The report found that "the appropriation of the Stony Point reserve by the Government of Canada in 1942 was unprecedented in Canadian history."

The inquiry "found that the OPP, the provincial government led by Premier Mike Harris, and the federal government all bore responsibility for the events that led to George's death. Linden also called on the federal government to issue a public apology and return Camp Ipperwash – along with compensation – to the Kettle and Stoney Point First Nation." In Volume 1 of the report it was noted that, Premier Harris's "comments" and "generally the speed at which he wished to end the occupation of Ipperwash Park, created an atmosphere that unduly narrowed the scope of the government's response to the Aboriginal occupation."

The report made 100 recommendations.

==Responses and aftermath==
The Ipperwash inquiry has been called a landmark inquiry by Amnesty International Canada. According to a June 1, 2007 article in The Toronto Star, the Law Society of Upper Canada described it as "a landmark report on Aboriginal, police and government relations."

===Aboriginal occupation of land in Caledonia===

The Ipperwash inquiry proceedings were taking place at the same time as the Caledonia land dispute also known as the Grand River land dispute. In 2006, members of the Six Nations of the Grand River took control of a disputed parcel of land in Caledonia, Ontario, in Haldimand County known as the Haldimand Tract.
The Caledonia occupation resulted in a successful $20 million lawsuit by Caledonia residents against the Crown.
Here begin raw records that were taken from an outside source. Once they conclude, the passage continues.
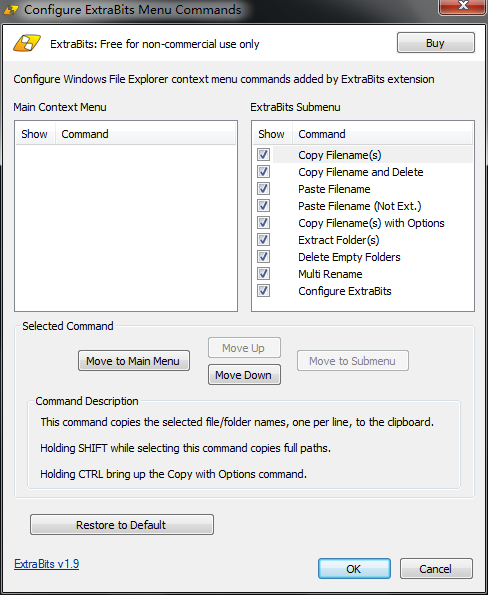 允许您配置显示哪些ExtraBits命令,以及它们是显示在ExtraBits子菜单中,还是显示在主上下文菜单中。这允许您隐藏您从不使用的命令,以避免混乱菜单。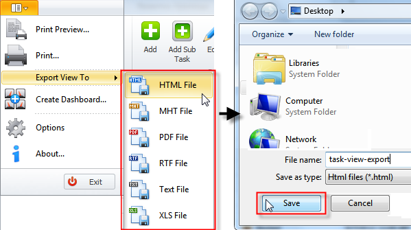 For example, you can export all tasks shown in the Tasks view into MS Excel file.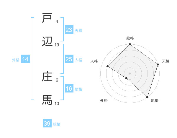 戸辺 庄馬さんの総格は39画の5点!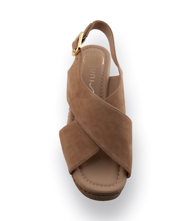 Die Unisa Sandalette Kaifu in Beige vereint sommerlichen Boho-Charme mit hohem Tragekomfort. Weiches Veloursleder trifft auf ein mit Bast überzogenes Plateau und einen passenden Absatz – das wirkt luftig, modern und passt ideal zu sommerlichen Looks. Die markante Kreuzbandage hält den Fuß sicher und sorgt zugleich für eine feminine Silhouette. Lederfutter und weich gepolsterte Decksohle schmiegen sich angenehm an den Fuß und machen Kaifu auch an langen Tagen bequem. Der ca. 7,5 cm hohe Absatz wird durch das etwa 3,5 cm starke Plateau deutlich entschärft. Eine stabile Kunststoffsohle bietet sicheren Auftritt – perfekt zu Kleid, Jeans oder weiter Sommerhose.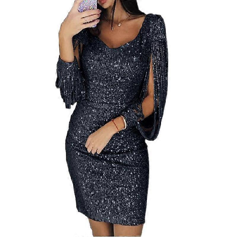 Women's Sexy Mini Dress Glittery Long Sleeve Hip Dress Gorgeous Sequin V Neck Long Sleeve Dress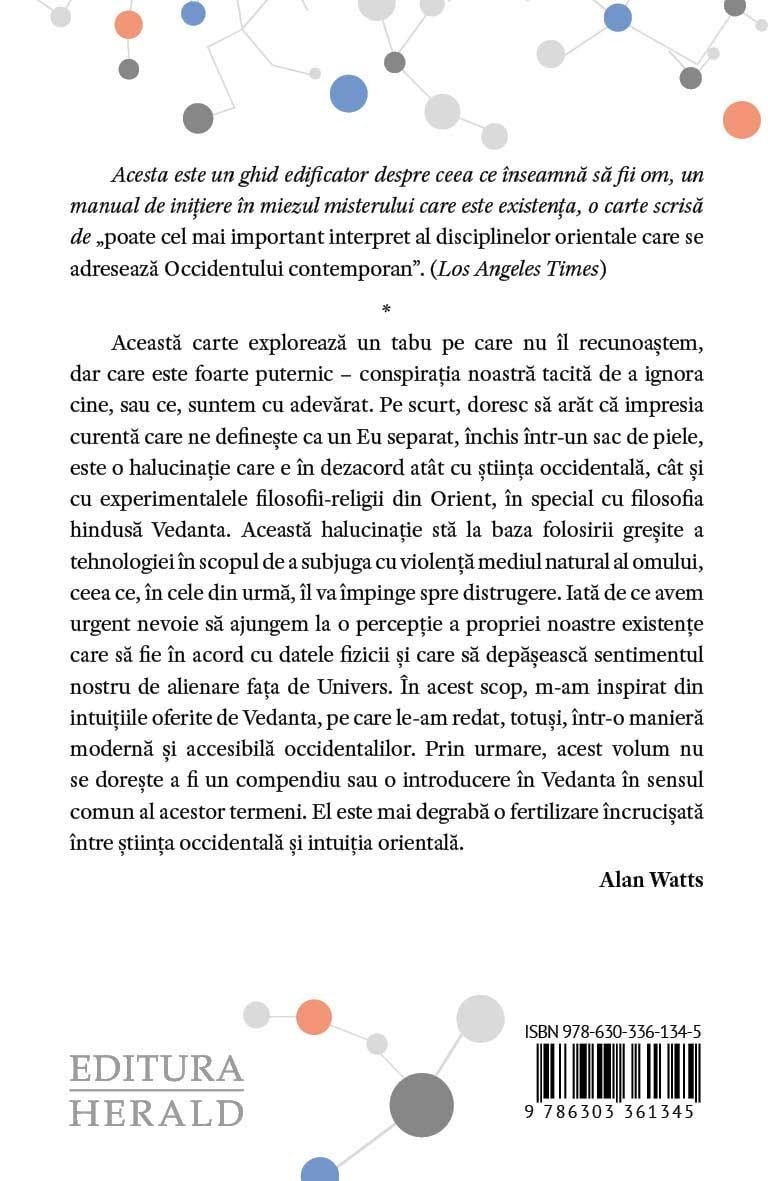 Inspirat de intuitiile oferite de Vedanta, Alan Watts exploreaza in aceasta carte un tabu pe care nu il recunoastem, dar care e foarte puternic: conspiratia noastra tacita de a ignora cine sau ce suntem cu adevarat. El argumenteaza ca perceptia noastra obisnuita, conform careia suntem un „eu” separat, inchis intr-un „sac de piele”, este o halucinatie care contrazice atat stiinta occidentala, cat si experimentalele filosofii-religii din Orient. Aceasta iluzie sta la baza utilizarii gresite a tehnologiei in scopul de a subjuga cu violenta mediul natural al omului, ceea ce, in cele din urma, poate duce la distrugere. Watts subliniaza necesitatea urgenta de a dezvolta o perceptie a propriei existente care sa fie in armonie cu datele fizicii si care sa depaseasca sentimentul nostru de alienare fata de Univers.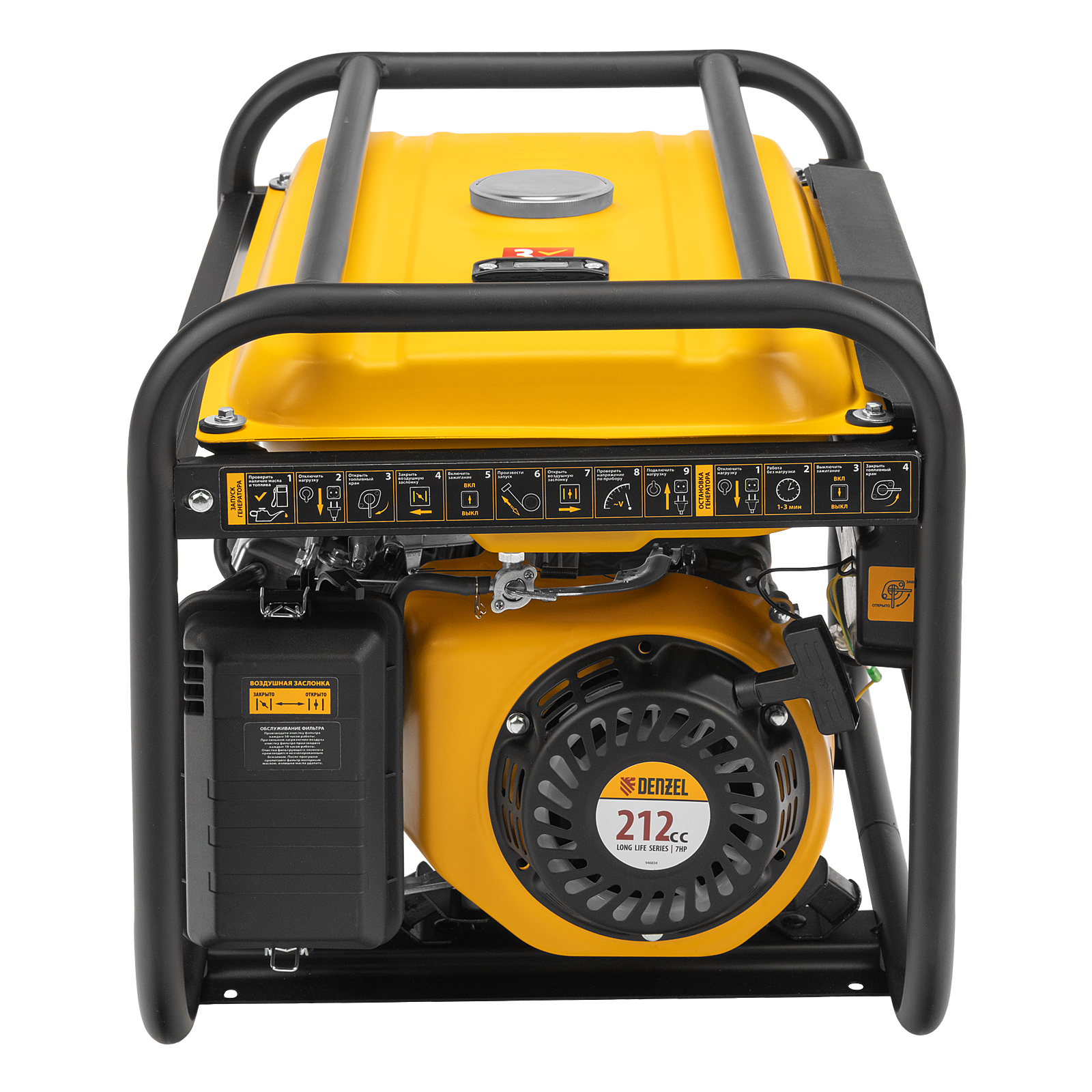 - Долгое функционирование — благодаря увеличенному бензобаку генератор способен работать более 12 часов без дозаправки.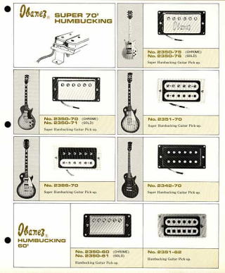 (カタログに見るIbanezのピックアップ:ハムバッキングのみ)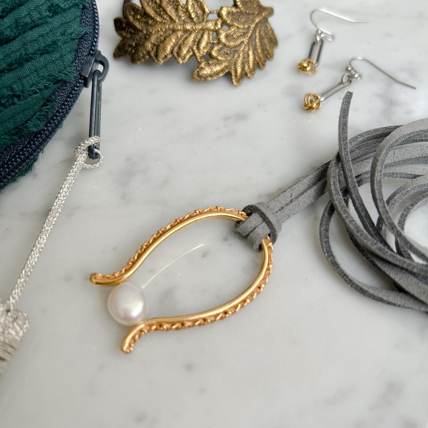 ◆ネックレス…真鍮(K18コート)・淡水パール・スエード調紐

The University of Western Ontario's political science professor, Andrew Sancton wrote in his 2012 article, that the case for Caledonia residents would have been weaker if the Crown had implemented Linden's "democratic policing" model. In her 2010 book entitled Helpless: Caledonia's Nightmare of Fear and Anarchy, and How the Law Failed All of Us, reporter Christie Blatchford said that Linden's democratic policing model received "virtually no public attention". She decried the vacuum of policy accountability. Blatchford said that a "more intelligent and sympathetic view of aboriginal and Canadian history [than the Ipperwash Inquiry report] would be hard to find"
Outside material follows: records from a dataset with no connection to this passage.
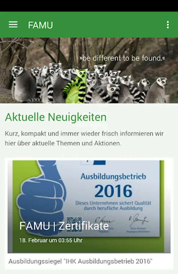 Now there FAMU as official app for your smartphone! All news, photos, events and dates land so directly in your pocket. Whenever there is something new, it rings on your phone. And because a smartphone is just a phone, a button can be equal to establish a connection. The FAMU app always provides a direct line.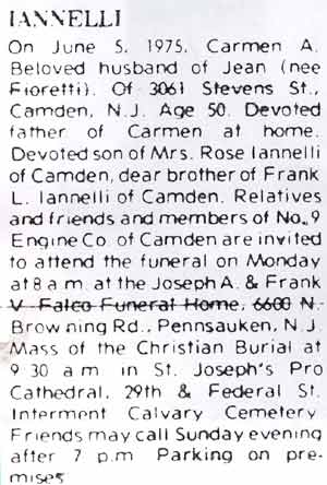 Carmen's death, the grief of the surviving members of the Iannelli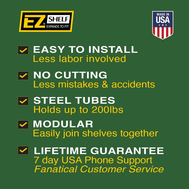- EASY INSTALL (NO CUTTING) – INSTANTLY ADD MORE STORAGE SPACE: Closet Organizer & Storage Shelf. EZ Shelf’s revolutionary closet shelf system is Expandable, Easy to Install, Strong and Looks Great with a Lifetime Guarantee. Improve your bedroom storage & organization and increase your available space in minutes!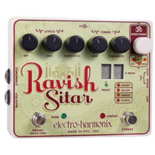 Very few instruments offer as much harmonic and dynamic flexibility as a sitar. Electro-Harmonix has streamlined the essence of the sitar into a compact enclosure that offers a polyphonic lead voice and tunable sympathetic string drones that dynamically react to your playing. Create your own custom scales for the sympathetic strings while you set the decay time for the lead voice. Two expression pedal inputs allow you to bend the pitch of the lead voice and control the volume of the sympathetic strings simultaneously. These unique controls offer the player the ability to program the Ravish to become a totally unique and organic instrument unto itself. The Ravish is a truly new design with the flexibility to be a crossover tonal wonder.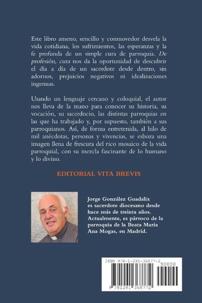 Este libro ameno, sencillo y conmovedor desvela la vida cotidiana, los sufrimientos, las esperanzas y la fe profunda de un simple cura de parroquia. "De profesión, cura" nos da la oportunidad de descubrir el día a día de un sacerdote desde dentro, sin adornos, prejuicios negativos ni idealizaciones ingenuas. Usando un lenguaje cercano y coloquial, el autor nos lleva de la mano para conocer su historia, su vocación, su sacerdocio, las distintas parroquias en las que ha trabajado y, por supuesto, también a sus parroquianos. Así, de forma entretenida, al hilo de mil anécdotas, personas y vivencias, se esboza una imagen llena de frescura del rico mosaico de la vida parroquial, con su mezcla fascinante de lo humano y lo divino.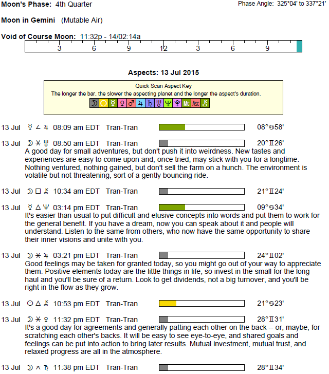 - The Moon is in Gemini all day (until Tuesday, July 14th, at 2:13 AM).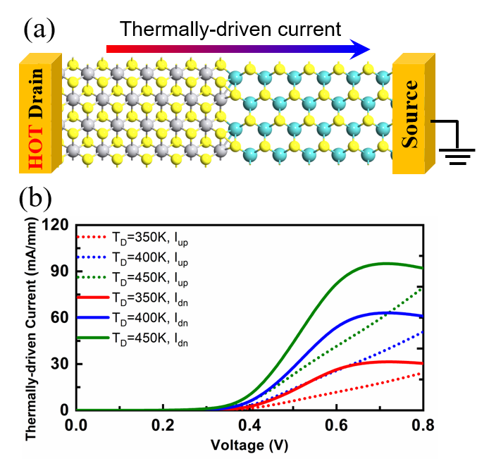 图6. Z-type VS2|MoS2 侧面异质结热电性质。Z-type VS2|MoS2 侧面异质结热电器件示意图a)和温度相关的热驱动电流曲线b)。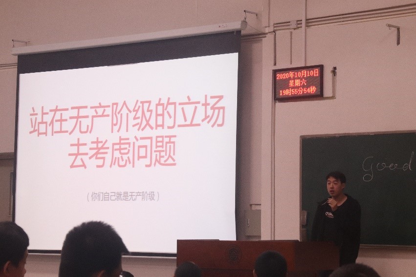 最后上台的李雨萌以网络热词“又红又专”为主题为同学们介绍什么是“专”,为新生推荐有用的学习网站和平台,为同学们讲述学习的目的——提升自我,而不是应付考试。他也从“红”的角度为同学们解释马克思主义思想的核心——自由,引导同学站在无产阶级的立场考虑问题,发人深省。

===Five year anniversary of the Inquiry (2012)===
By 2012, Ontario Regional Chief Angus Toulouse said that, "the most meaningful recommendations remain[ed] unaddressed and combined with the fact that the province ha[d] cut funding to support joint implementation work by half compared to 2007 levels" First Nations questioned whether the Ontario government was "committed to making the changes necessary to achieve reconciliation with First Nations in Ontario."
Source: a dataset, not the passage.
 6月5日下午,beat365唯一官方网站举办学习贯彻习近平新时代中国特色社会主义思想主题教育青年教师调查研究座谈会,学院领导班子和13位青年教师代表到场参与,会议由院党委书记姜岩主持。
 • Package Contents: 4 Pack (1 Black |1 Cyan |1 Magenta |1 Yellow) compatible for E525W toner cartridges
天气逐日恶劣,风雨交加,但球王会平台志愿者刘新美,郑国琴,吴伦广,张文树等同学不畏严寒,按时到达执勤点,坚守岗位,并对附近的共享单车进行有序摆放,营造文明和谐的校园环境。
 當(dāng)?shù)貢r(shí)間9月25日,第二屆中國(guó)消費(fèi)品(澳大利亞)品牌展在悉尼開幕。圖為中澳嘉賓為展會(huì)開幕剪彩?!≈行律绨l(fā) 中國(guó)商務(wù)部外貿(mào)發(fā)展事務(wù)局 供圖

===Twenty years after Dudley's death (2015)===
By January 2015, the disputed land still had not been returned to the Kettle and Stoney Point First Nation. In 2010 the Ontario government had confirmed that the land had been transferred to the "federal government, which alone has the power to designate reserve territory." On September 18, 2015 members of the Chippewas of Kettle and Stony Point First Nation voted to approve a deal with the federal government which included a "$90-million dollar financial settlement", the "return of land appropriated by the federal government in 1942 and the cleanup of Stoney Point lands."